Just as likely it’s the proximity to Machu Picchu and a plethora of ruins from a fascinating, half-understood civilisation.
One that was exterminated by European civilisation half a millennia ago.
Or perhaps it’s the $7 massages.
But for some reason, a very large number of tourists come to visit Cusco each year.
The city has much to offer, itself a jumping off point to other attractions in the region.
The orange-tiled roofs and narrow, ascending cobblestone alleyways conceal a multitude of charms.
These narrow alleyways and archways in the historical centre of Cusco are also where the hawkers lurk; enterprising, entrepreneurial types looking to leverage their knowledge of the city and surrounding region against the disposable incomes of adventurous tourists.
Out of sight of the security cameras.
They offer tours of Machu Picchu, or Rainbow Mountain, or one of the other mountain treks; and they offer it at a low, low price.

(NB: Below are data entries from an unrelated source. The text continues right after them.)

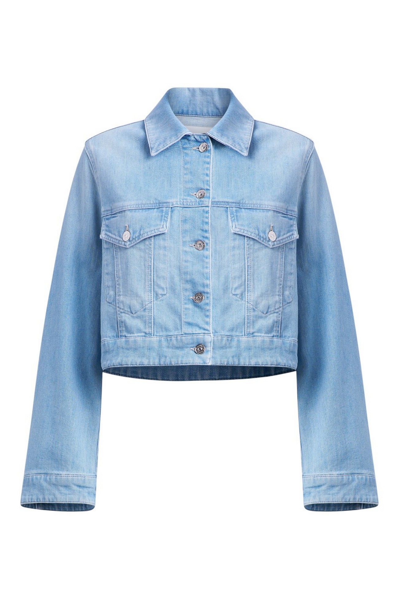 Giubbino di Dondup in denim. Modello cropped. Chiusura con bottoni in metallo. Tasche sul davanti. Maniche svasate. Vestibilità a trapezio. Composizione: 89% cotone, 11% elastomultiestere. Made in Italy.
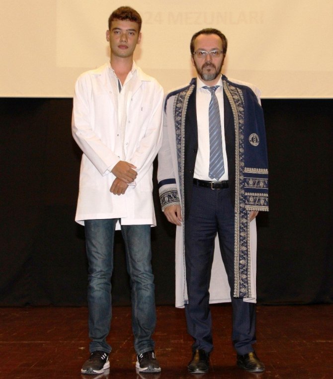 Konuşmasının ardından Rektör Prof. Dr. Cavit Bircan, 2018 yılı ÖSYM sınavında 5337. olarak Tıp Fakültemize ilk sırada giren öğrenci Mehmet Zahid Özdemir’e beyaz önlüğünü giydirdi. Törende diğer öğrencilere beyaz önlükleri, Rektör Yardımcıları, Dekanlar ve akademisyenler tarafından giydirildi.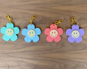 Smiley face flower pastel keychain,gift for teenager,preteen,BFF gift,acrylic key tag,groovy party theme,pastel smiley,millennial style,y2k

When some other services are offered at hundreds and hundreds of dollars, these low prices can be mighty tempting.
But what is the difference between a Machu Picchu package for $150 and another for $550?
Why would you choose the latter?
Is it just the tastier dinner on offer?
There are a variety of treks from Cusco that culminate at Machu Picchu, depending on the level of physical challenge you seek, or historicity that interests you.

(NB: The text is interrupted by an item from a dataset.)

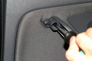 ドアハンドルのワイヤーを外します。前方のツメをゆっくりと手間に持ち上げ、後ろへ引きながら勘合を外します。力を入れすぎるとプラスチックを折ってしまうので気をつけます。

They also come in a variety of levels of comfort and luxury.
The price discrepancies can be enormous; sometimes four figures.
There are ways you can legitimately reduce costs, for example, by taking a vehicle to and from Machu Picchu instead of the highly expensive train.
There are always $5 hotels, in which you really get what you pay for.
But a lot of this price discrepancy is due to shady business practices on the part of the travel agency.
In Peru, anyone can open a tour operator business.
There’s no need for specific qualifications in tourism or any other associated certificates.
Your grandmother could fly to Peru and open a tour operator business.
This sort of setup can and really does lead to abuse.
The problem is, the victim is just as often the Imperial City of Cusco or the country of Peru itself as it is the bargain-seeking tourist.
Although tour operators do not need specific certificates to operate a tour company, they do require a license.
This is lacking in a majority of cases.
There are 810 tour operating agencies in the Cusco region, with a whopping 650 of them unlicensed.
This does not necessarily mean that they will offer a bad service to the customers.
But it indicates that they do not likely conform to good business practice.
Most commonly, these operators will not pay tax on their operations.
This may not be a direct concern for the customer, but it is definitely an ethical factor.
It means that they will not pay social security for their employees, leaving them without health coverage or pension contributions.
It also counts as unfair competition against those tour agencies that do comply with the law.
Furthermore, guides are not paid a salary, but paid on commission for upselling to customers while on the tour.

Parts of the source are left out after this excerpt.